The peak energy of X^F is extracted in Fig. 4(e) as a function of temperature for both samples. It can be seen that the as-grown sample has the peak energy of X^F smoothly redshifts with increasing the temperature from 7 K, but the aged sample has the X^F peak exhibiting a special ‘S’ shape due to activation and redistribution of excitons. We select the aged sample to fit its experimental data of X^F peak energy by Donnell equation [41,42]

(2)$${\textrm{E}_\textrm{g}}\left( \textrm{T} \right) = {\textrm{E}_{\textrm{g}}}\left( 0 \right) - \textrm{S}< {\hbar }\mathrm{\omega}> \left[ {\textrm{coth}\frac{{< {\hbar }\mathrm{\omega}> }}{{2{\textrm{k}_\textrm{B}}\textrm{T}}} - 1} \right]$$

in which ${\textrm{E}_\textrm{g}}(0 )$ is the exciton energy at 0 K, $\textrm{S}$ is the exciton-phonon coupling constant, $<\mathrm{\hbar} \mathrm{\omega}>$ and ${\textrm{k}_\textrm{B}}$ are average phonon energy and Boltzmann constant. The fitted curve in 4(f) gives that the average photon energy equals to 12.87 ± 0.77 meV for the direct exciton transition, whereas $\textrm{S}$ is around 1.8. Because the lattice dilatation effect is not considered in the Donnell equation, a discrepancy exists between the fitting curve and the experimental results below 50 K. Then we used the Manoogian-Wooley equation to fit the experimental results again. The Manoogian-Wooley equation can be described as [43,44]

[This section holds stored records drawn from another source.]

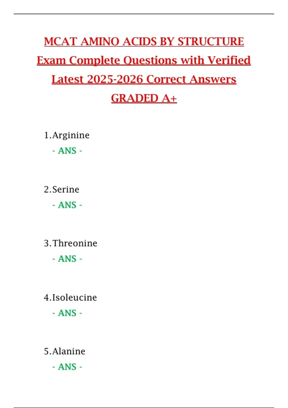 The MCAT Amino Acids by Structure – Complete Questions (2025/2026) resource provides a comprehensive set of verified practice questions with correct answers focused on amino acids classified by their chemical structures. This includes nonpolar, polar, acidic, basic, and aromatic amino acids, as well as their roles in protein structure and enzyme function. Achieving a Grade A+, this resource serves as a reliable study guide, practice question bank, and exam preparation tool to strengthen understanding, reinforce memorization, and boost confidence for the MCAT Biochemistry section.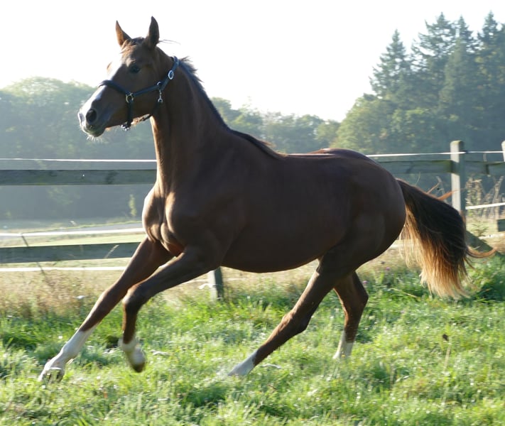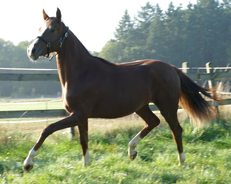 Magnifique jument alezane foncée de grande taille avec une excellente conformation et un bon fondement, 4x hautement blanc avec une belle étoile régulière, très sociable et bien éduquée, élevée avec soin et très bien développée. Avec Sezuan, Sezuans Donnerhall, Dante Weltino, Danone, De Niro, des performers de GP internationalement reconnus dans le pedigree. Ici, un véritable joyau est en train de se développer. Lignée Oldenburger Elektia.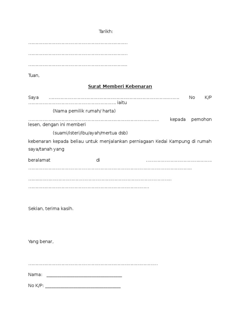 Contoh Surat Kebenaran Tuan Rumah Untuk Meniaga Di Rumah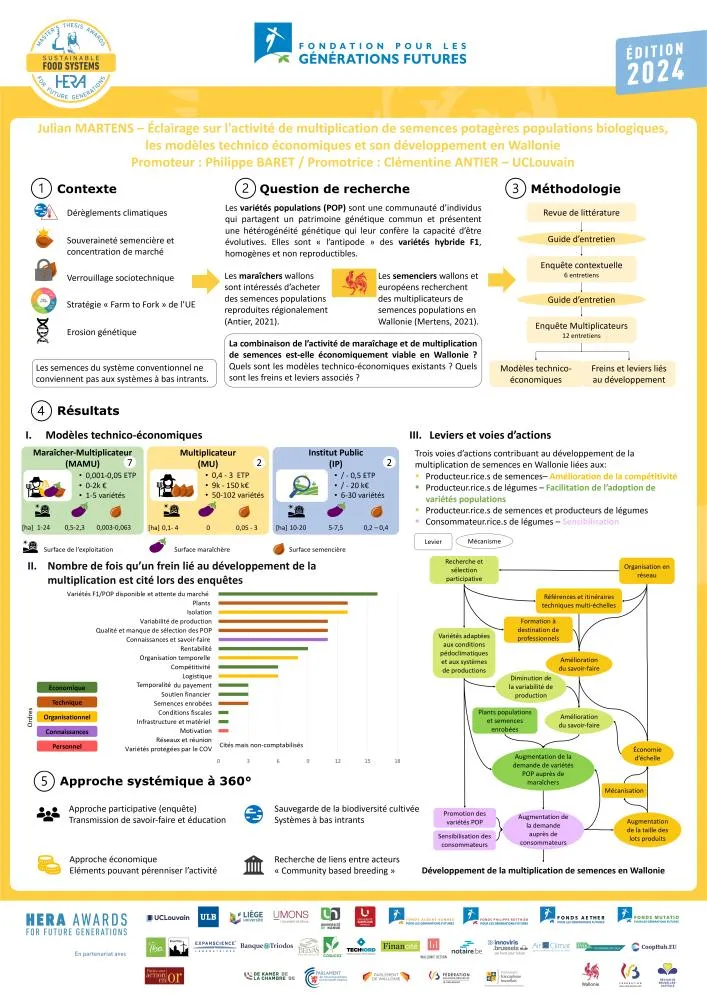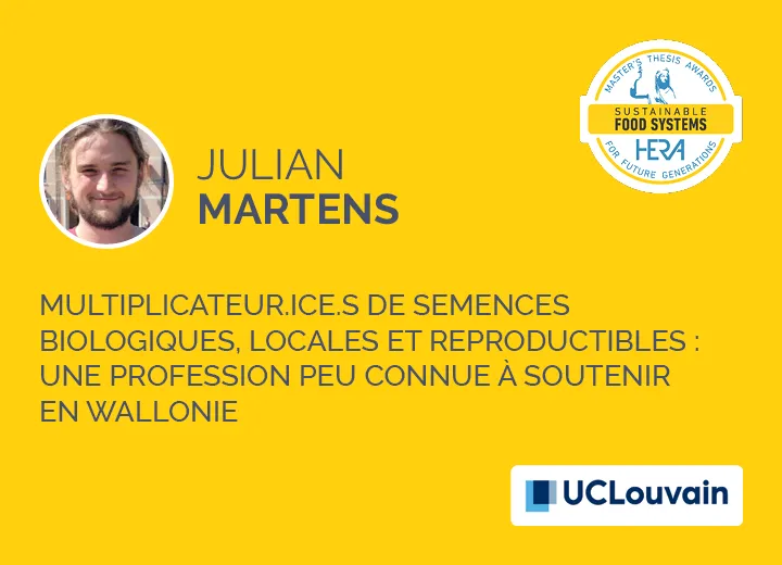 Le travail de Julian Martens porte sur le community based breeding, c’est-à-dire le système semencier de « semences populations », alternatif au système semencier industriel de type Hybrides F1. Il se concentre particulièrementsur les individus dont l’activité professionnelle, en Wallonie, consiste à multiplier les semences potagères populations pour les entreprises Cycle en Terre et Semailles. Après avoir analysé cette activité en lien avec le maraîchage et l’entreprise semencière, Julian Martens a identifié trois modèles technico-économiques de multiplicateur·rices (maraîcher·es multiplicateur·rices, multiplicateur·rices et institutions publiques) en fonction des motivations de leurs acteur·ices, du nombre d’équivalents temps plein, de la superficie et du nombre de variétés cultivées, du chiffre d’affaires, etc. Il a mis en évidence différents freins (techniques, financiers, organisationnels...) à l’essor de cette filière et proposé diverses améliorations dans le contexte d’une transition vers un système agroécologique biodiversifié durable et équitable.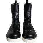Dolce & Gabbana Black Leather Combat Mid Calf Boots Shoes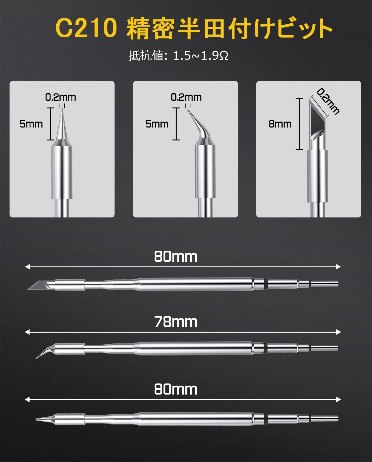 Mutuer はんだごてチップ、7種類ミニステンレス鋼はんだごてチップTS100はんだごての交換(TS-KU)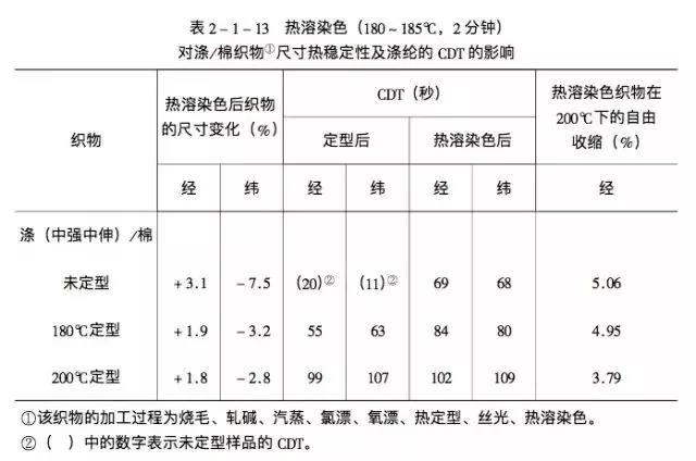 对于需要在一般导辊式热溶染色机上进行热溶染色的织物,则染前热定型的工艺条件,应随热溶染色的具体条件而作适当的调整,现将未定型与经180℃和200℃定型后涤/棉织物,在热溶染色时经、纬向的尺寸变化率与涤纶的临界溶解时间(简称CDT)列于表2-1-13中。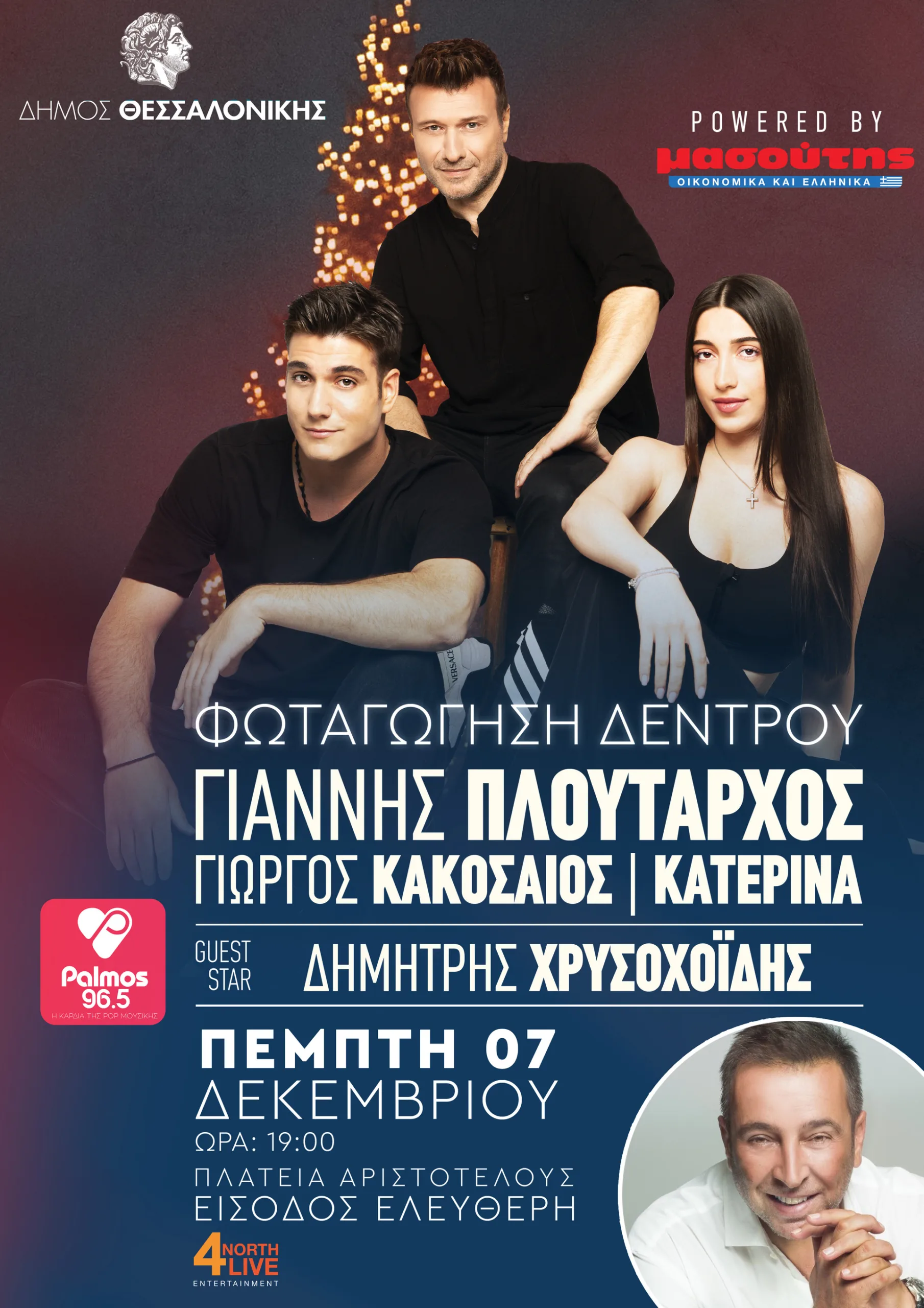 Αυτό το εορταστικό κλίμα θα πλαισιώσει ο δημοφιλής τραγουδιστής Γιάννης Πλούταρχος με μια μοναδική συναυλία που θα ερμηνεύσει όλες τις μεγάλες επιτυχίες του. Θα βρεθεί στη σκηνή παρέα με τα παιδιά του Γιώργο Κακοσαίο και Κατερίνα Κακοσαίου, ενώ θα κάνει guest εμφάνιση o Δημήτρης Χρυσοχοΐδης.

(3)$${\textrm{E}_\textrm{g}}(\textrm{T} )= {\textrm{E}_{\textrm{g}}}(0 )+ \textrm{U}{\textrm{T}^\textrm{S}} + V\mathrm{\theta} \left[ {\textrm{coth}\left( {\frac{\mathrm{\theta} }{{2\textrm{T}}}} \right) - 1} \right]$$

where the first term represents the peak energy at 0 K, the second and third term are lattice dilatation and electron-phonon interaction. Moreover, $\theta $ is a coefficient related to the Debye temperature. According to the fitting results, ${\textrm{E}_{\textrm{g}}}(0 )$=2.04 eV, U=−2.37×10⁻⁵ eV/K, V= −2.1×10⁻⁴ eV/K, $\theta $=153 K and the average photon energy S is 1.42 that is consistent with previous reports. [27,39] By the purple line in Fig. 4(f) the Manoogian-Wooley equation fitting curve matches better with the actual experimental results in comparison to that fitted by Donnell equation, which indicates the lattice dilatation is an essential factor for the peak shifts observed in the temperature dependent PL measurements. However, there is still difference between the fitting curve and the experimental data points below 50 K. Therefore, the activation and redistribution of excitons are the main mechanisms for the abnormal X^L and X^F peak shifts in the low temperature range.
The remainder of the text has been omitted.